Mozambique Raises Diesel Prices by 45.5% and Gasoline by 12.1%

Mozambique Raises Diesel Prices by 45.5% and Gasoline by 12.1%

William Faulkner 07-May-2026

Mozambique sharply increased fuel prices due to rising global oil costs and Middle East tensions, impacting transport, businesses, and consumers nationwide.

Mozambique has announced substantial increases in fuel prices, effective May 7, 2026, with diesel rising by 45.5% and gasoline by 12.1%. This move, justified by the Mozambican government through the Energy Regulatory Authority (ARENE), is a direct response to escalating international market rates and the ongoing conflict in the Middle East.

The Chairman of ARENE, Paulo da Graça, stated that the government had been closely monitoring the situation for over two months, noting a generalized price increase across the African continent, particularly in Southern Africa, driven by the Middle East conflict.

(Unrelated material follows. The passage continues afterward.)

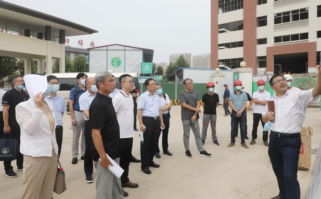 在合肥高等研究院规划区域,冒着炎热天气,带着对学校未来发展的思考,胡朝荣一行实地调研查看了在建的图书馆、学术交流中心艺术楼、多媒体综合楼等地,详细了解了目前在使用的培训楼、教师公寓、教学楼、学生宿舍、学生食堂、育才印刷厂等建筑,并现场听取了相关负责同志的工作汇报。
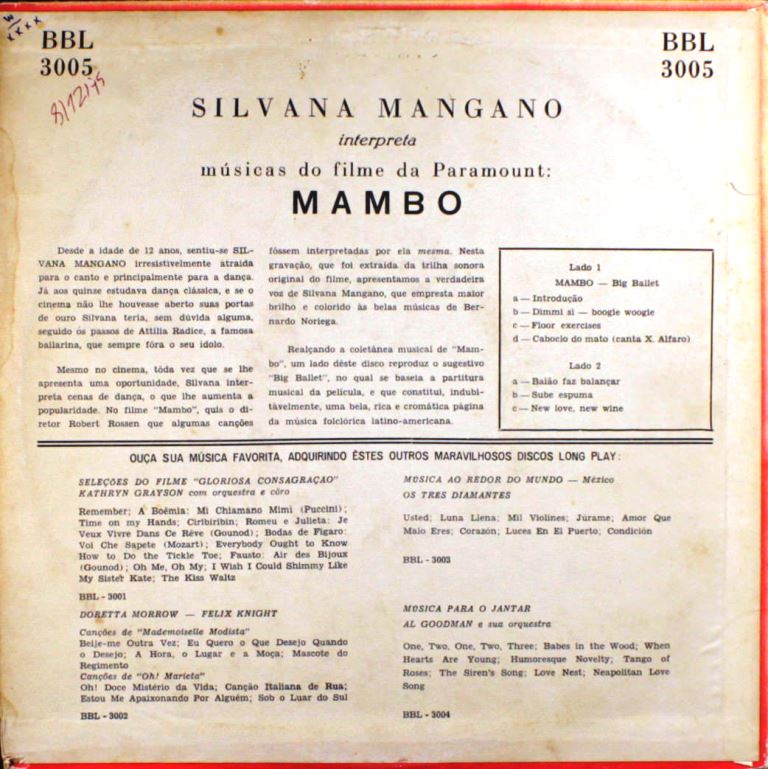 Perez Prado hat für Silvana Mangano ein Instrumental-Stück geschrieben, wovon bereits die "Unverkäufliche" auf der Vorseite gepostet wurde. Mich hat daher interessiert, wie jene Single ausgesehen hat, die zum Kauf angeboten wurde und ich hatte "Netz-Glück".

This conflict is particularly impactful as approximately 80% of Mozambique's fuel imports transit through the affected region.

Under the new pricing structure, a liter of gasoline will increase from approximately 83.57 meticais (€1.10) to 93.69 meticais (€1.23). Diesel will see an even sharper rise, from 79.88 meticais (€1.06) to 116.25 meticais (€1.54) per liter. Other fuel types are also affected: illuminating paraffin (kerosene) will jump from 66.86 meticais (€0.87) to 97.56 meticais (€1.29) per liter, cooking gas (LPG) will slightly increase from 86.05 meticais (€1.14) to 87.82 meticais (€1.15) per kilogram, and compressed natural gas (CNG) for vehicles will go from 41.11 meticais (€0.54) to 52.73 meticais (€0.69) per liter.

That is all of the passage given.